If we want to follow the conventional red-green microarray style, we can use the RdYlGn colour palette from the RColourBrewer package.

library(RColorBrewer)
heatmap(golub.100, col = brewer.pal(11, name='RdYlGn'))

Use display.brewer.all() or display.brewer.pal(n,name) to see the range of palettes available from this package.

By default, this actually gives a very presentable plot. Both rows and columns are automatically sorted to cluster most alike genes and samples together, and dendrograms are plotted for us automatically. Encouragingly, we can see that all the \(AML\) and \(ALL\) samples form two separate clusters. It might look better without the crowded gene names column, but that can be turned off easily with the setting labRow = NA.

For more practice, see if you can prepare a heat plot of the Indometh dataset:

Hints:
- you will need to convert the dataset into a matrix with one column per Subject. Set column names as Subject number and rownames as timepoints
- review the Rowv setting to keep time points in order in the dendrogram
- think about transforming the data to compensate for the exponential decrease of the concentration value
- try different colour palettes to highlight the data

7.1.4 PCA plots

The final plotting option we will explore is principle component analysis, or PCA. PCA is often used where there are two or more categories of data, and multiple quantitative measurements on each, to quickly review whether the difference between the categories outweighs any noise or batch effect signals. Essentially, PCA collapses the dataset down to a small number of representative dimensions which can be plotted on a chart.

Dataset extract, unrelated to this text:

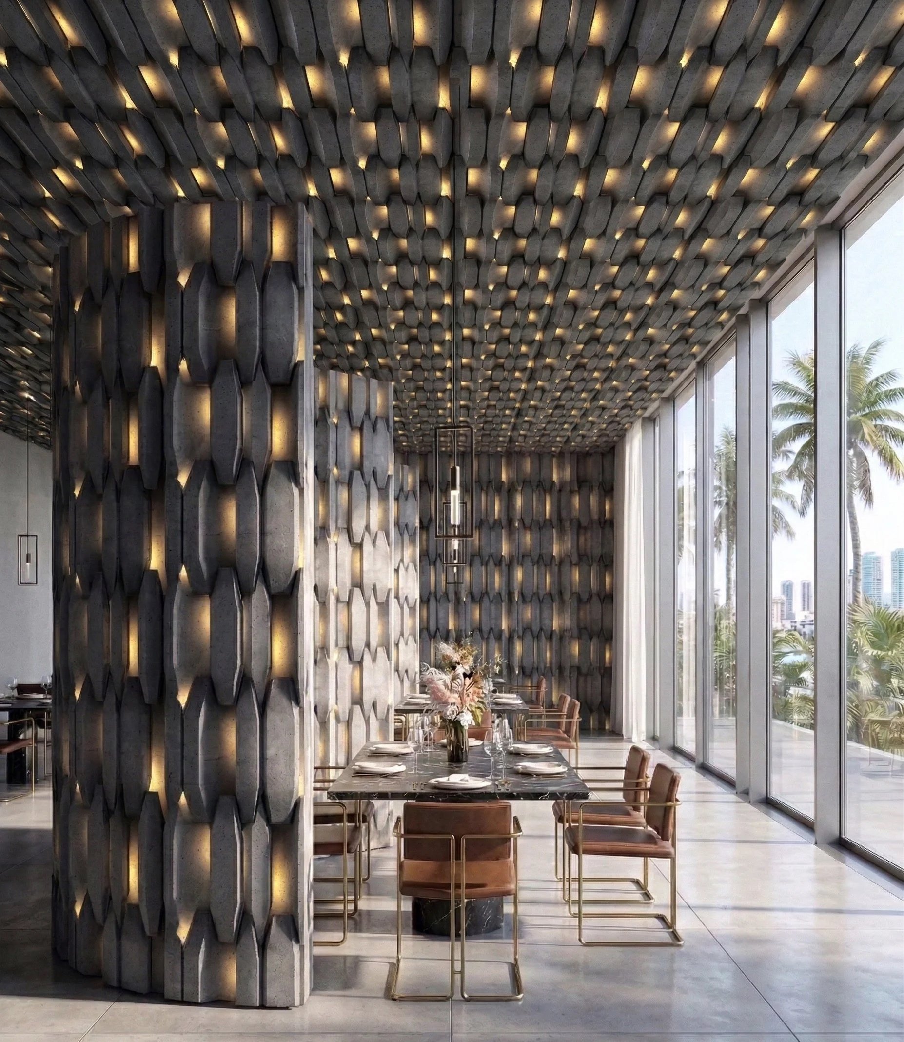 Fluted vertical forms produce a smooth cadence of light and dimension. The printed illumination adds warmth, while repeat customization allows for either dramatic scale or subtle repetition.

PCA analysis is widely used in expression datasets, which have large numbers of measurements (one per gene), multiple replicates, and normally two or more categorical conditions, so we will test it with our Golub dataset. We will use the PCA function of the ‘mixOmics’ package.

library(mixOmics)

# Carry out the PCA on just the top 100 genes, with default parameters
# N.B. PCA data needs to have the samples in rows. Our data is by
# columns, so we need to transpose it
golub.100.pca <- pca(t(golub.100))

# Then plot the data for the first two components, colouring the
# sample names for clarity
plotIndiv(golub.100.pca, comp = c(1,2),
          col = c(rep('red', 27), rep('blue', 11)))

Generate a PCA plot for other components of the analysis
Carry out a PCA analysis for the full (normalised, transformed) Golub dataset and generate a plot
Does the data differentiate between the two sample types?